Not long ago, top Wall Street leaders were fierce critics of the cryptocurrency market. Jamie Dimon, CEO of JPMorgan Chase, likened Bitcoin to a “pet rock,” while Brian Moynihan of Bank of America described it as “an untraceable tool for money laundering,” and HSBC explicitly stated: “We are not interested in Bitcoin.”
According to the New York Times, today, the stance has changed significantly. In investor calls, public speeches, and meetings with regulators, major banks are promoting their plans to launch their own digital assets, including stablecoins – cryptocurrencies linked to the US dollar – and offering loans tied to these assets.
This shift comes amid political support from President Donald Trump, a staunch advocate for cryptocurrencies, and envy over Bitcoin's price surpassing $100,000 last year.

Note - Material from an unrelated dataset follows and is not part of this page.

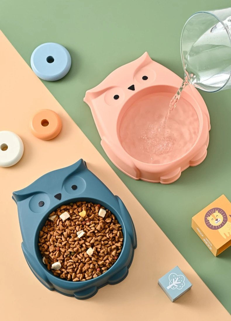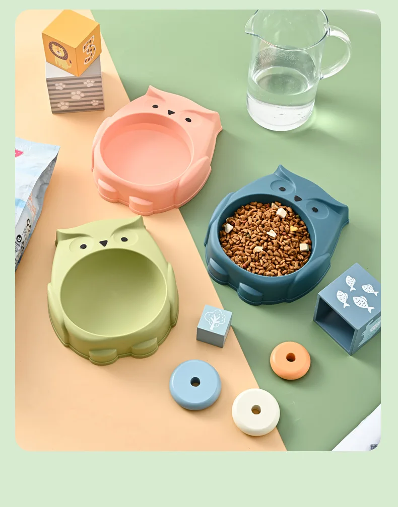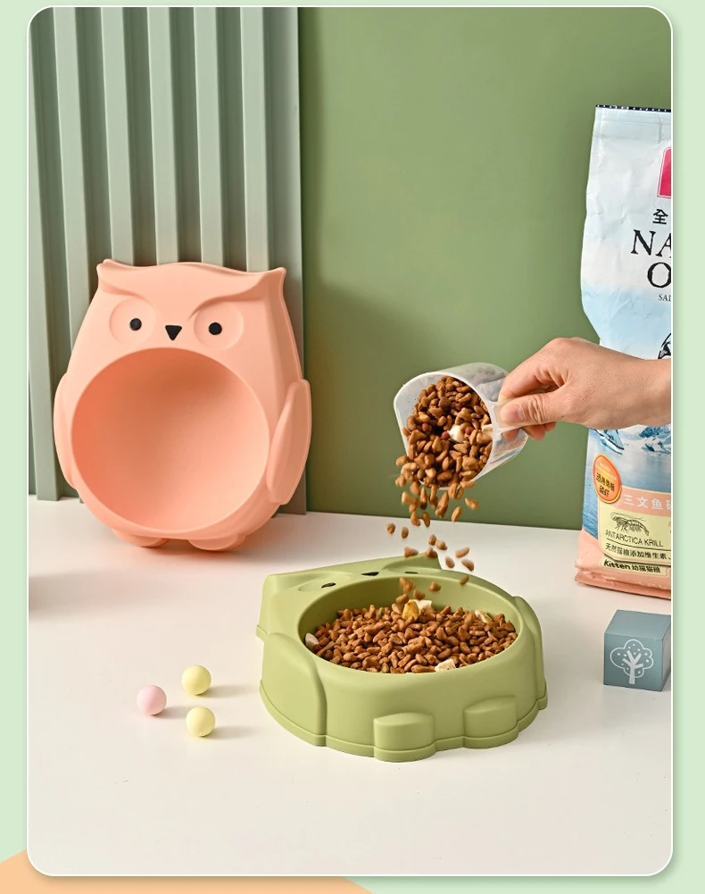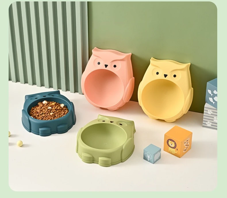 Cuencos alimentadores para mascotas para gatos, platos antigolpes de plástico, contenedor de agua para perros, suministros para beber para gatitos, vajilla con forma de búho para cachorros
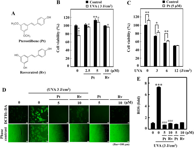 Fig. 1 Pterostilbene improved HaCaT cell viability but repressed UVA-induced intracellular ROS production. (A) Chemical structures of Pterostilbene (Pt) and Resveratrol (Rv). (B–C) Cell viability was calculated by the MTT method. HaCaT cells were pre-incubated with Pt (0–5 μM) or Rv (10 μM) for 24 h followed by irradiation with 3 J/cm2 UVA (B). HaCaT cells were treated with or without Pt (5 μM) for 24 h and then irradiated with different UVA intensities (0, 3, 6, or 12 J/cm2) (C). Cells neither treated with Pt or Rv or UVA-irradiated were considered as the untreated control. (D–E) HaCaT cells were pretreated with Pt (5 μM) or Rv (10 μM) for 24 h, followed by irradiated or not with 3 J/cm2 UVA. The intracellular ROS levels were indicated by DCF and measured by fluorescence microscopy (200× magnification) (D). Fluorescence intensity of the DCF-stained cells for each condition was quantified by Olympus Softimage solution software, and data were denoted as fold difference over untreated control values (E). Cells neither treated with Pt or Rv or UVA-irradiated were considered as the untreated control. Results were denoted as mean ± SD of three or more independent experiments. Statistical significance was considered as *p < 0.05, **p < 0.01 and ***p < 0.001 compared to untreated control. #p < 0.05 and ###p < 0.001 compared to UVA-irradiated cells.

The rise of the cryptocurrency market supported by banks
Stablecoins function as digital debt securities, maintaining a stable value linked to the US dollar. Customers deposit their money with the bank in exchange for stablecoins, which can then be used for low-cost international payments or cross-border transfers.
Thanks to the recently passed bipartisan GENIUS Act, banks must invest stablecoin reserves in US Treasury bonds and other low-risk assets, retaining the resulting interest – but without paying any money to depositors.
Unlike traditional bank accounts, holdings of stablecoins are not subject to federal deposit insurance, meaning there is no government support in the event of failure.
Bank executives see stablecoins as a way to modernize payments and compete with private sector competitors like Circle, Walmart, and Amazon, who are exploring their own currencies. However, they acknowledge that this shift could reduce deposit rules, limiting the funds available for lending.
The Federal Reserve Bank of Kansas City recently warned of potential economic consequences if deposits move from traditional accounts to stablecoins.
Concerns of the banking sector and historical echoes
While some executives, like Tim Spence, CEO of Fifth Third, insist that checking accounts remain safe, others secretly acknowledge their discomfort with the rapid change. One bank lawyer said: “If the banking sector were completely candid, they would say they wish stablecoins had never been invented.”
Even JPMorgan studied the laws of “illegal banking transactions” in the 19th century, when state-chartered banks issued their own currencies – an era plagued by fraud and instability, ultimately ending with the issuance of the National Bank Note.